Kinect's AI Breakthrough Explained
mikejuk writes "Microsoft Research has just published a scientific paper (PDF) and a video showing how the Kinect body tracking algorithm works — it's almost as impressive as some of the uses the Kinect has been put to. This article summarizes how Kinect does it. Quoting: '... What the team did next was to train a type of classifier called a decision forest, i.e. a collection of decision trees. Each tree was trained on a set of features on depth images that were pre-labeled with the target body parts. That is, the decision trees were modified until they gave the correct classification for a particular body part across the test set of images. Training just three trees using 1 million test images took about a day using a 1000-core cluster.'"
Layered classification nets have always struck me as the right approach, particularly as we learn more about how human senses work - it seems like a lot of our "thinking" is done much closer to our sense organce than we might have once imagined. Interesting that the less "organic" type, decision trees, were used rather than neural nets. One wonders if maybe it was more a matter of ease of phrasing/training/debugging than of classification itself that decided which type to use.
I don't think so this time. This is a reasonably well written formal paper sent for peer review. It is also quite nice to see this published openly.
- "What do you do for a living?"
- "I train trees to make a decision forest that can see human limbs."
- "Ah, I see. Makes sense. (WHAT THE FUCK???)"
Why would MS rent/buy processor time? They've got the world's biggest botnet, and they even have the suckers pay MS to join it.
Sleep your way to a whiter smile...date a dentist!
The same way that cybercriminals crack captchas, they just offered up a picture of a random boob to a random boob. The real problem was stopping at 1m pictures.
> I'm far more interested in how they generated those '1 million'
> pre-labelled test images in the first place.
Snapshots from the webcams attached to computers running Windows.
Do daemons dream of electric sleep()?
Trees have traditionally been trained in Entish, which although reliable, is such an un-hasty language.
Modest doubt is called the beacon of the wise. - William Shakespeare
The sensor came from primasense. The algorithms in it are entirely from MSR.
It is also quite nice to see this published openly.
And no doubt backed up by a dozen patents.
Hum, no, actually, they just used a known for years technic of machine learning on a huge sample of data and it worked pretty well.
From my point of view, there is no major breakthrough but still it's a nice solution.

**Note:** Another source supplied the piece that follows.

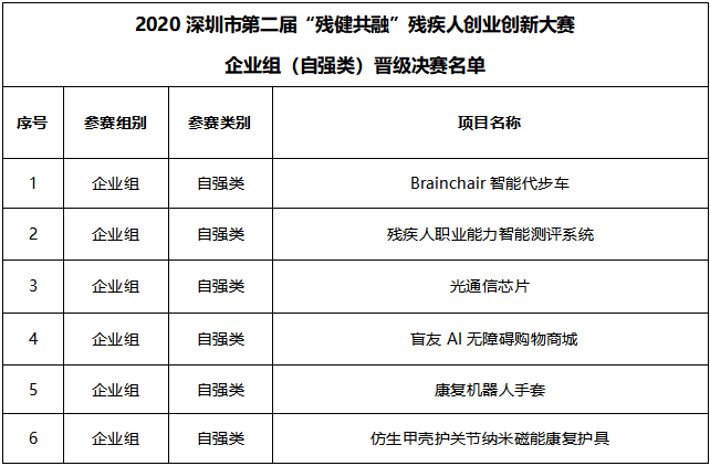 2020深圳市第二屆“殘健共融”殘疾人創(chuàng)業(yè)創(chuàng)新大賽企業(yè)組(自強(qiáng)類)晉級(jí)決賽名單

I read the paper; it was clever. They used a standard motion capture setup with their actor(s) going through several hundred different movements. Since their algorithm is stateless, they could analyze the motion and produce many distinct poses from each movement. Each pose was then "retargeted" (a well known technique in animation; example) onto many different 3D models of people of varying height, body type, etc., before finally being rendered into a perfectly labeled depth map.
They went through several iterations of this process:
And no doubt backed up by a dozen patents.
Of course. That's the purpose of patents, to encourage inventors to publish their inventions openly.
I don't care if it's 90,000 hectares. That lake was not my doing.
Yeah, they make nice products when they face competition, there is no doubt about it. But even then, some of the commercial practices are questionable and that's where most of the hate comes from. For instance, you buy an XBox360 and a PS3. In the XBox you have to pay a monthly fee to play online games where as in the PS3 is completely free. If Microsoft is the only player in town in that particular case then we would be in a world of hurt. Luckily, having options pushes Microsoft to do the right thing, even if it doesn't end up doing most of the time. To me, that's what Linux and free software is really all about, more about options instead of being a much superior product.
"[..] the decision trees were modified until they gave the correct classification for a particular body part across the test set of images"
this is called cheating in machine learning (you are not allowed to modify your model(s) based on the results on the test set).
and of course it is not what they do.
nice piece work, tho IMHO not AI breakthrough.
This has nothing to do with reconstructing a depth image from a 2D image. The Kinect is a depth camera and already gives you a real depth image (not a guess).